La inspiración del bebé: ¿qué hacer?

La inspiración del bebé: ¿qué hacer?


We are searching data for your request:

Forums and discussions:
Manuals and reference books:
Data from registers:
Wait the end of the search in all databases.
Upon completion, a link will appear to access the found materials.

Asfixiarse no es lo mismo que asfixiarse. Hablamos de la aspiración del niño cuando el agua, la saliva o los alimentos líquidos ingresan al tracto respiratorio.

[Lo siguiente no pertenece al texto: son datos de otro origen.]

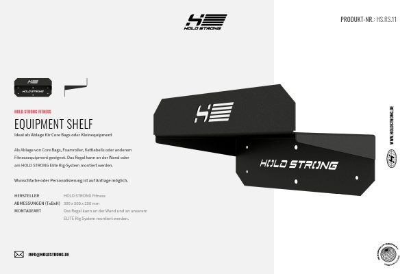 Als Ablage von Core Bags, Foamroller, Kettlebells oder anderem Fitnessequipment geeignet. Das Regal kann an der Wand oder am HOLD STRONG Elite Rig-System montiert werden.
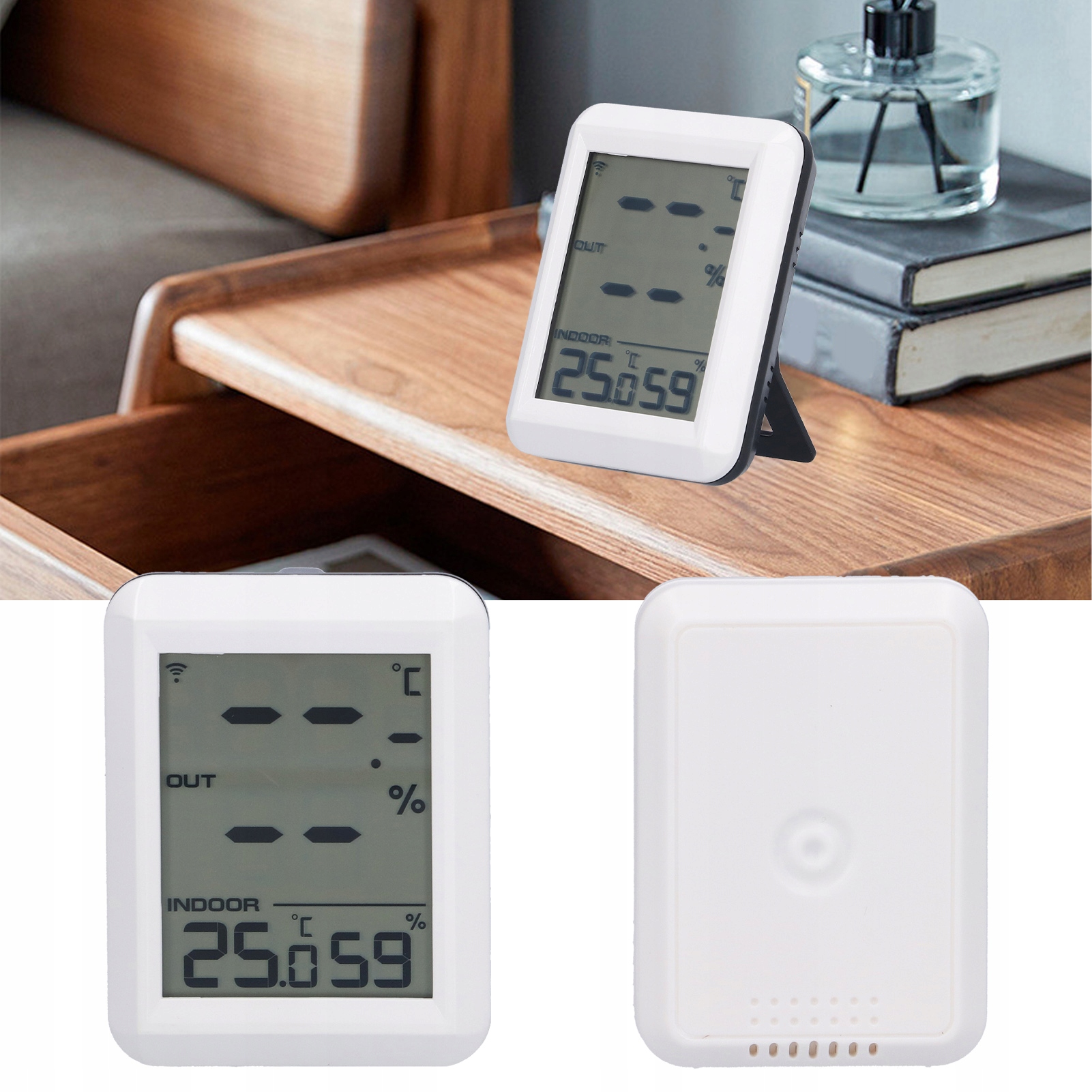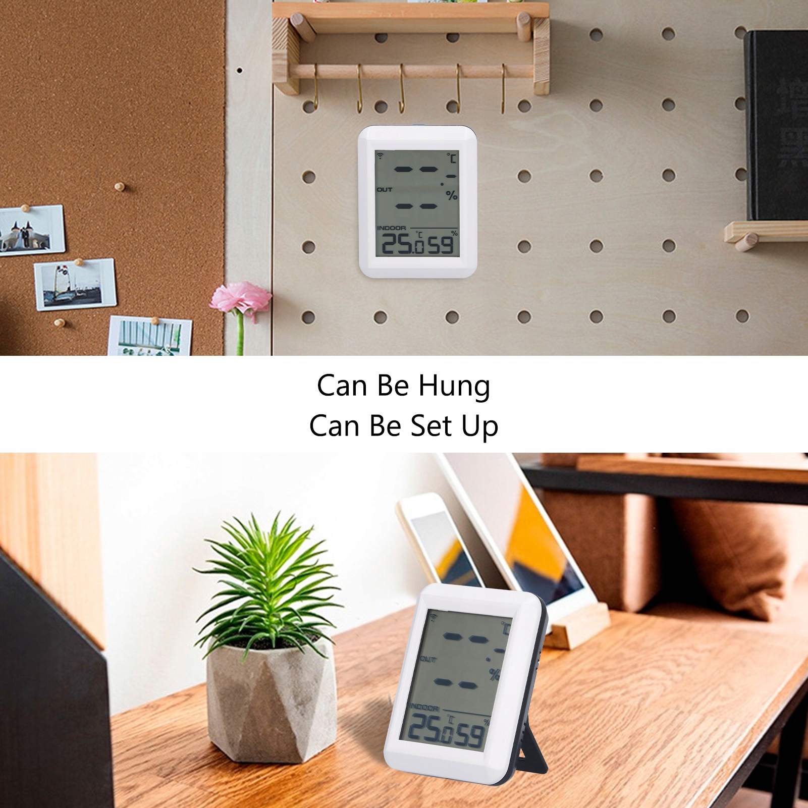 1. Цифровой монитор: измерение реальной температуры и влажности в режиме реального времени. Удобно получить температуру и влажность внутри и снаружи. Беспроводной передатчик: этот гигрометр оснащен беспроводным беспроводным передатчиком (частота 433 МГц), а расстояние открытой передачи составляет 100 метров, эффективное расстояние передачи составляет 30 метров. Широкий диапазон измерения: внутренний диапазон температуры составляет 0-60 ℃/32-140 ℉, внешний диапазон температуры составляет -40 ℃ -60 ℃/-40 ℉ -140 ℉; Диапазон влаги составляет 10–99%. Данные автоматически обновляются каждые 60 секунд, что позволяет стабилизации датчика в течение около 30 минут. Удобная регулировка: легко переключите температурный блок на ℃ или ℉, используя кнопку вверху. Следует помнить, что перед установкой батареи в устройство переключите блок/℉ ℉, значение по умолчанию равно ℃. Питается с 2 батареями AAA. Гибкое применение: разработан с возможностью повесить на стену и выдвижной кронштейн сзади, его можно легко установить на стене или на столе. Широко используется в детских комнатах, спальнях, домах, питомниках, подвалах, складах и теплицах

En verano, puede relajarse junto al lago, el mar o la piscina mientras se baña o bucea.

La asfixia a menudo ocurre durante la fusión, así como en niños codiciosos que beben agua de manera inadecuada. También puede ocurrir cuando un niño traga cuentas, un juguete, momentos, piedras de frutas, etc.

Aspiración del bebé: síntomas

Un niño que amará:

  • tosiendo rápidamente
  • tiene problemas para tomar aire,
  • puede tener una voz ronca
  • puede sentirse enfermo
  • ansiedad

Aspiración de un bebé o niño más pequeño.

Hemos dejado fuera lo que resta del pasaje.